1. Reading and classifying article data

#Word-separation
def wakatigaki(text):
    mecab = MeCab.Tagger()
    mecab_result = mecab.parse(text).replace("EOS", "").split('\n')
    mecab_result = [i.replace("#", "").replace("\"", "").replace("\'", "").replace("\t", "_").replace(",","_").split("_") for i in mecab_result if i != ""]
    return mecab_result

#Reading and classifying article data
def load_article():
    category = ["Vagrant", "iOS", "numpy"]
    category_num = [0, 1, 2]
    docs  = []
    labels = []
    labels_num = []

    for c_name, c_num in zip(category, category_num):
        files = glob.glob("./qiita/{c_name}/*.txt".format(c_name=c_name))

        text = ""
        for file in files:
            with open(file, "r", encoding="utf-8") as f:
                lines = f.read().splitlines()
                body = "".join(lines[0:]).replace('\u3000', '')
                text = body
                text = " ".join([w[0] for w in wakatigaki(text)])

            docs.append(text)
            labels.append(c_name)
            labels_num.append(c_num)
    return docs, labels, category

#Reading and classifying article data
docs, labels, category = load_article()

Article data is saved in the form of qiita / tag name / ------. Txt. This time, we will estimate the categories of the three tags saved in advance, "Vagrant", "iOS", and "numpy".

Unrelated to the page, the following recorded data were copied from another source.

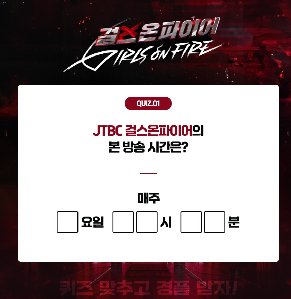매주 화요일 JTBC에 걸스 온 파이어 밤 10시 30분에 방영한다고 합니다.
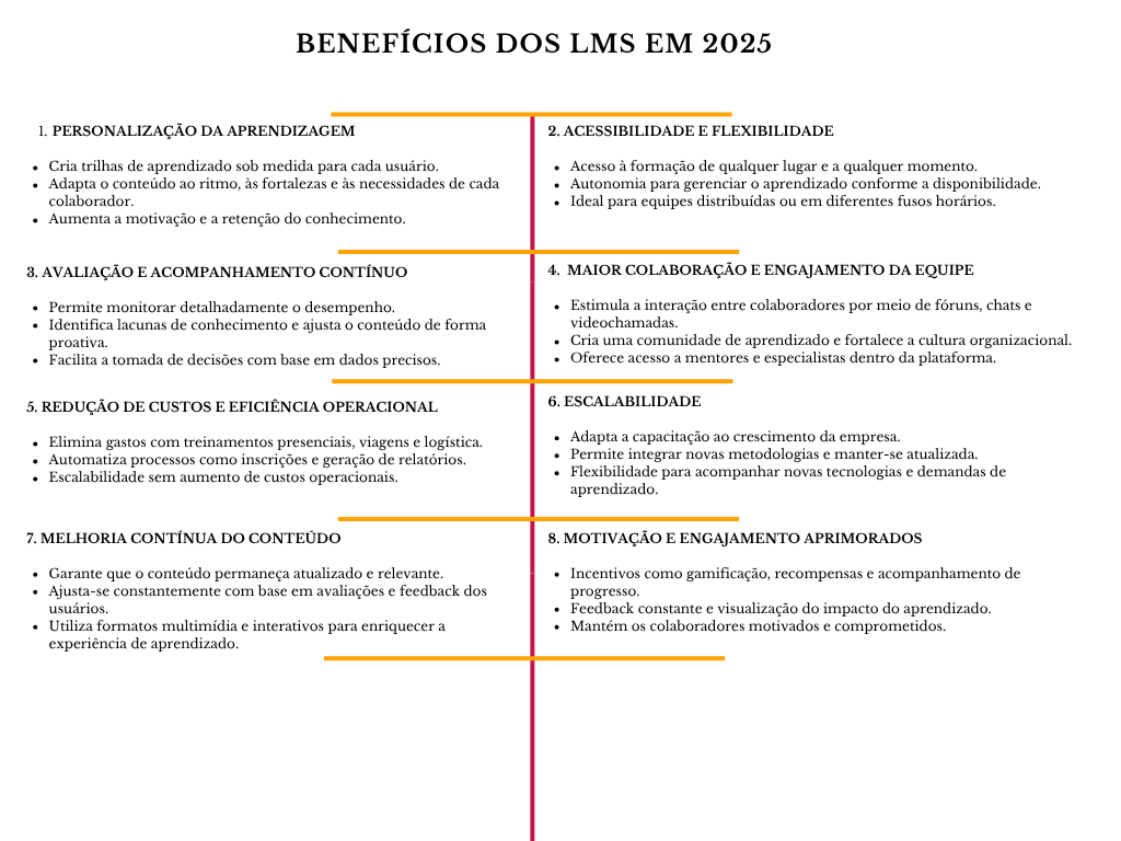Ao oferecer aprendizagem personalizada, flexibilidade, acesso contínuo e ferramentas avançadas de análise, os LMS permitem que as organizações não apenas formem seus funcionários, mas os preparem para os desafios do futuro.
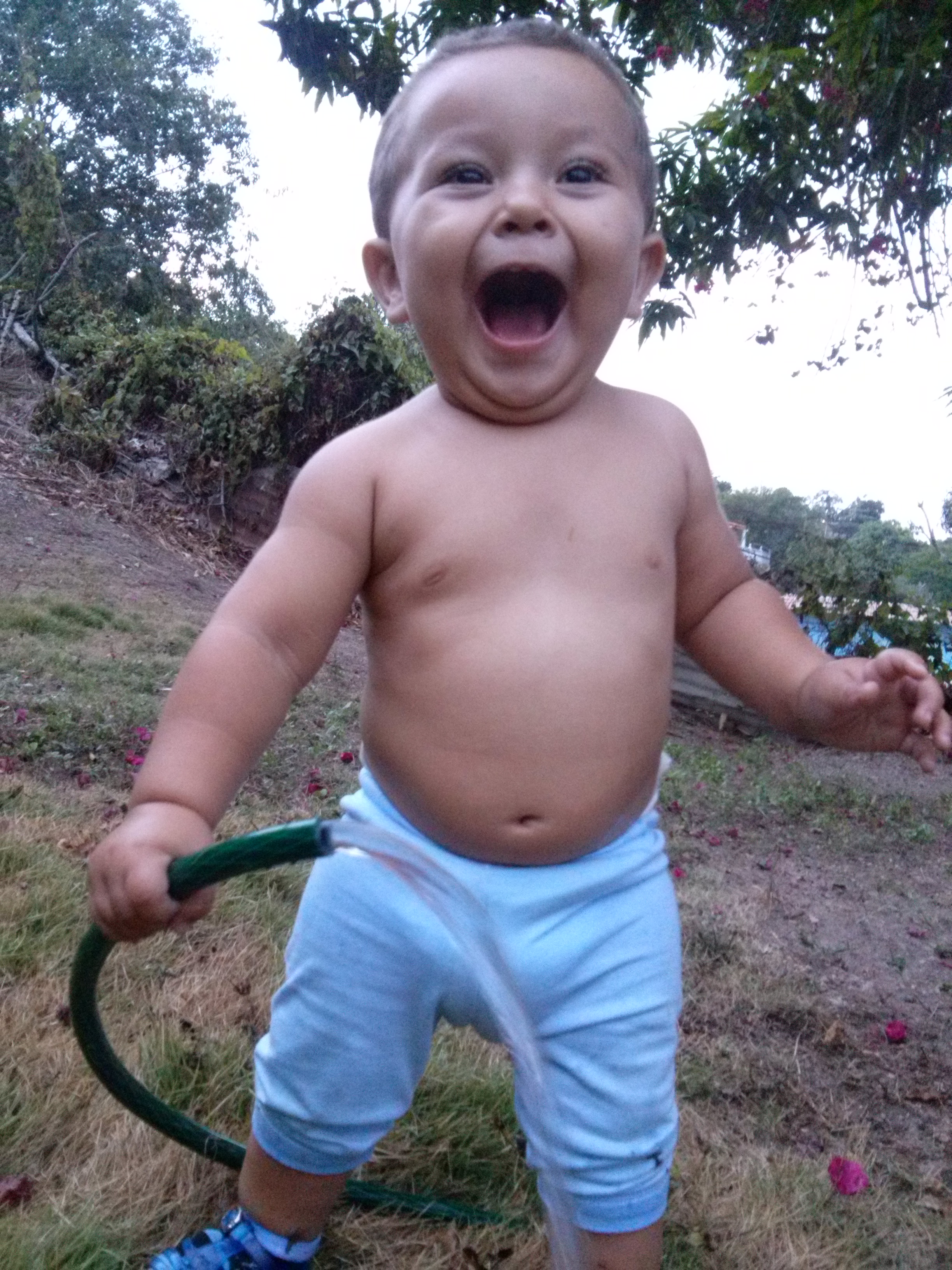 Contagious Happinesssefcelunico (30)in #foto • 8 years ago (edited)I present to Santiago my nephew of a year and a half watering the grass in the patio of the house. The freedom in a smile full of harmony and beauty in the face of a creature full of love with the happiness of watering part of the creation of God. #photography #nature #babies #happy
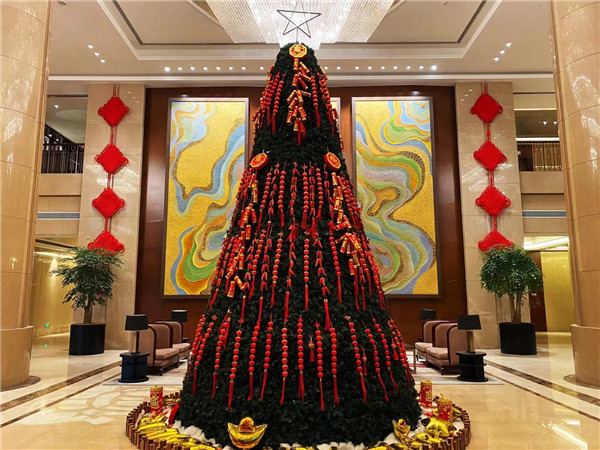 酒店內,紅色的燈籠和新年的貼紙格外醒目,讓人感受到濃濃的新年氛圍。酒店總經理周紅表示,「恢復營業後,將定時對酒店營業範圍內的場所、用品進行衛生清潔消毒,規範員工及客人的體溫監測,採用無接觸送餐、分餐服務等措施,全力保障旅客安全,歡迎遊客光臨巴登酒店。」

2. Vectorization of sentences by TF-IDF

# TF-Generate vector representation converter by IDF
vectorizer = TfidfVectorizer()
#Document vector conversion
vecs = vectorizer.fit_transform(docs)

3. Implementation of k-means method

# k-Implement means method
kmeans_model = KMeans(n_clusters=n_cluster, random_state=0).fit(vecs)
#Stores labels for clustering results
predict_labels = kmeans_model.labels_

4. Visualization of results

#Aggregate and visualize results
res = {
    0:{},
    1:{},
    2:{}
}

#Storage and display of results
for pre_label, r_label in zip(predict_labels, labels):
    #What to do if there is a value
    try:
        res[pre_label][r_label] += 1
    #Exception handling
    except:
        res[pre_label][r_label] = 1

#Result output
for i in range(n_cluster):
    print(res[i])

5. Find the majority category of the classification result and output the misclassified article data

Find the majority of each label

#Majority category name major_cat
major_cat = []
#Element number of the majority category name
major_num = []
for i in range(n_cluster):
    major_cat.append(max(res[i], key=res[i].get))
    major_num.append(category.index(major_cat[i]))

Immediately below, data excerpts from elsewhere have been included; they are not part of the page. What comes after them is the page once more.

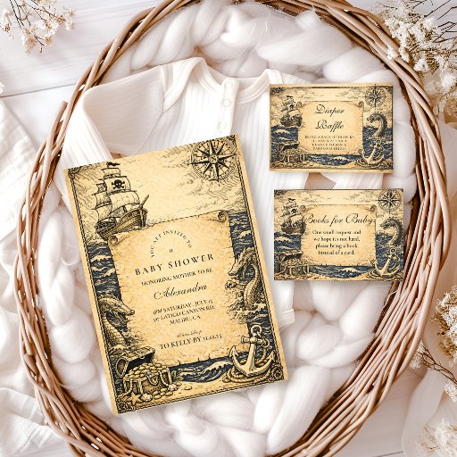 This pirate baby shower design features a whimsical storybook illustration with playful pirate children, tropical palms, treasure chests, and a vintage parchment map at the center. Inspired by classic children’s book art, the warm color palette and detailed scene create a fun, adventurous atmosphere without feeling cartoonish. Ideal for parents who love nautical themes, pirate adventures, and timeless illustrated styles, this design is fully customizable for your celebration details.
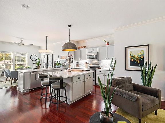 Charming and updated 2 story townhome in old Overland Park. Totally updated and meticulously maintained. Main level features an open floor plan with sparkling hardwoods, vaulted ceilings, and a spacious deck out back. Amazing kitchen features quartz countertops, island with additional seating, tons of counter and cabinet space, SS appliances, and great light fixtures. Kitchen opens to both the dining and living room areas. Main level feels light and bright! Upstairs you will find two bedroom suites. Primary has vaulted ceilings, ceiling fan, walk-in closet, shower, and double vanity. Laundry is located on second level. Finished lower level provides additional living space and a second half bathroom. Attached garage entrance is through the lower level. Nestled in a vibrant community, this town house is your gateway to a dynamic lifestyle. Unbeatable location! Close proximity to restaurants, shops, highway access, and trails. Maintenance provided including lawn and snow removed. LOW MONTHLY HOA. Do not miss this opportunity. Easy living at its finest.
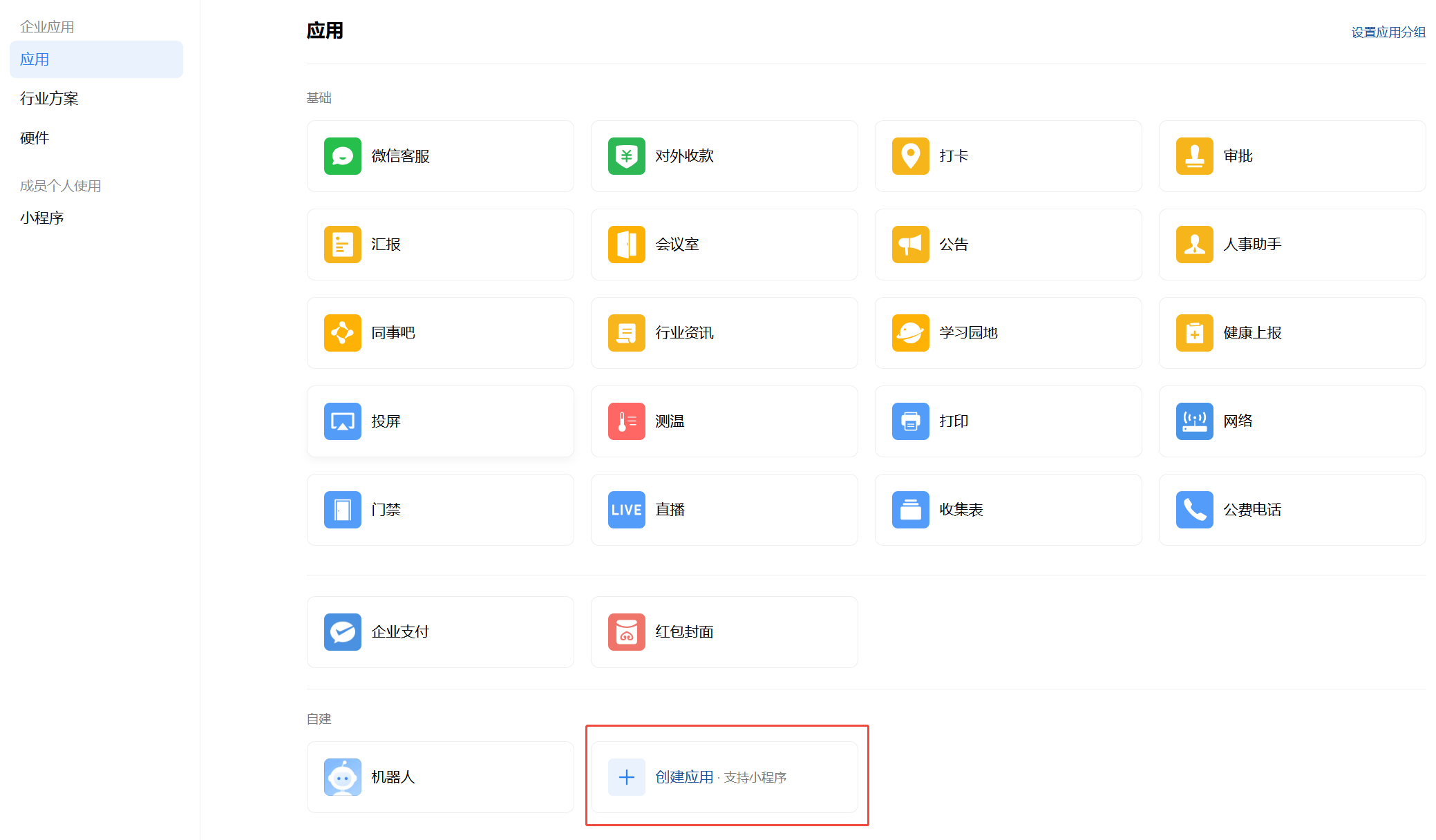 1. 登录企业微信,进入应用管理 > 应用,单击创建应用。

Generates majority-based category labels adjusted_labels

adjusted_labels = []
#Number of articles in each category
article_num = [900, 900, 900]
for i in range(n_cluster):
    adjusted_labels.extend([major_num[i]] * article_num[i])

Comparison of changes in labeling results

#Variable for txt file name cnt
cnt = 0
#If the label before and after clustering is different, the content of the article is output.
for label1, label2 in zip(adjusted_labels, predict_labels):
    cnt += 1
    if label1 == label2:
        pass
    else:
        path_w = "./result/" + str(label1) + "-" + str(label2) + "/" + str(cnt) + ".txt"
        #File name path_output of w
        with open(path_w, mode='w') as f:
            f.write(docs[cnt])

result

{'Vagrant': 108, 'iOS': 900, 'numpy': 333}
{'Vagrant': 792}
{'numpy': 567}

The correct answer rate for each tag is iOS: about 67% Vagrant: about 88% numpy: about 63% The result was that.

Consideration / Summary

This time it wasn't very accurate ... Since it is running with a program that is almost the same as the one used for the Livedoor news corpus, it is possible that the source code part of many programs in Qiita is affecting it. In the future, I think it will be necessary to consider methods such as classifying by different learning methods in order to improve accuracy, so I would like to try it when I have time!

Other ingenuity

・ This time, we searched multiple tags so that the tags did not overlap, and selected the three tags with the least overlap. (Vagrant, iOS, numpy)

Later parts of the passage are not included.